Problem:
Would you output all the lines below precisely as they stand, leaving each picture out?

Supplied data:

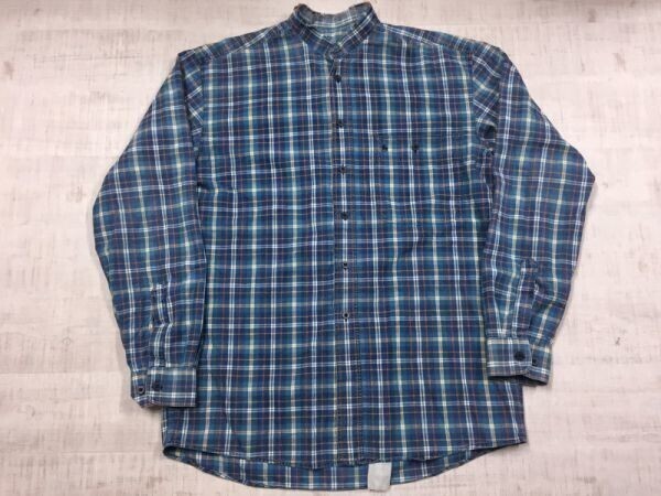 - Melka SPORTS アメカジ レトロ オールド古着 襟カットオフ ノーカラー 長袖チェックシャツ メンズ 青
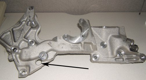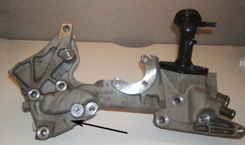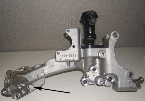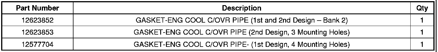 Replace the coolant crossover pipe gaskets with updated service replacement gaskets. There are three coolant crossover designs. The second design crossover started during the 2008 model year. The second design crossover has an access hole for a cylinder head plug on the rear bank (bank 1). This crossover uses the three mounting hole gasket. The two examples below use the three hole gasket.
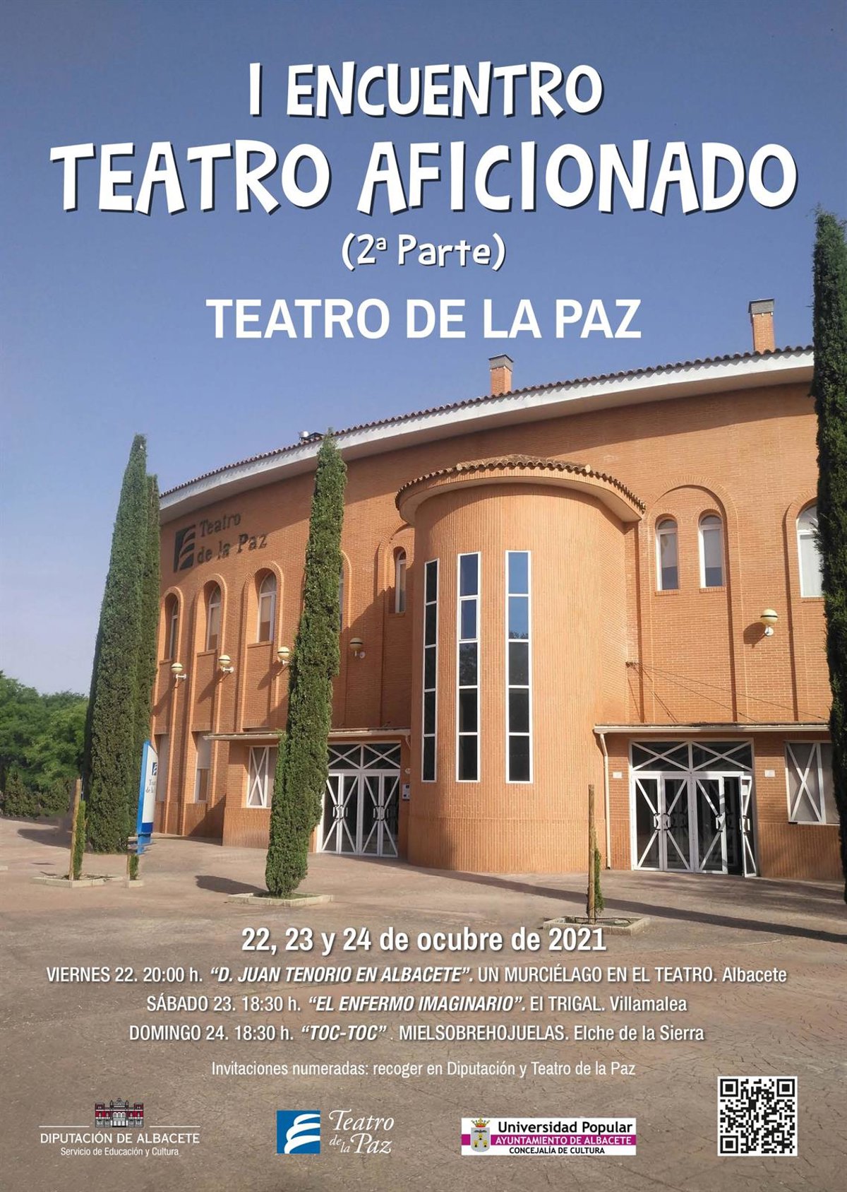 En esta segunda parte que ahora regresa se representarán las tres obras que tuvieron que cancelarse entonces por motivos sanitarios abriendo esta cita el viernes 22 de octubre la compañía albacetense, Un Murciélago Teatro, con 'Don Juan Tenorio en Albacete'; el programa continuará el sábado 23 con la participación de El Trigal de Villamalea y su adaptación de 'El enfermo imaginario' de Moliere; para finalizar con la obra 'Toc Toc' del grupo Mielsobrehojuelas de Elche de la Sierra que actuará el domingo 24.

Solved exercise:
 - Melka SPORTS アメカジ レトロ オールド古着 襟カットオフ ノーカラー 長袖チェックシャツ メンズ 青
 Replace the coolant crossover pipe gaskets with updated service replacement gaskets. There are three coolant crossover designs. The second design crossover started during the 2008 model year. The second design crossover has an access hole for a cylinder head plug on the rear bank (bank 1). This crossover uses the three mounting hole gasket. The two examples below use the three hole gasket.
 En esta segunda parte que ahora regresa se representarán las tres obras que tuvieron que cancelarse entonces por motivos sanitarios abriendo esta cita el viernes 22 de octubre la compañía albacetense, Un Murciélago Teatro, con 'Don Juan Tenorio en Albacete'; el programa continuará el sábado 23 con la participación de El Trigal de Villamalea y su adaptación de 'El enfermo imaginario' de Moliere; para finalizar con la obra 'Toc Toc' del grupo Mielsobrehojuelas de Elche de la Sierra que actuará el domingo 24.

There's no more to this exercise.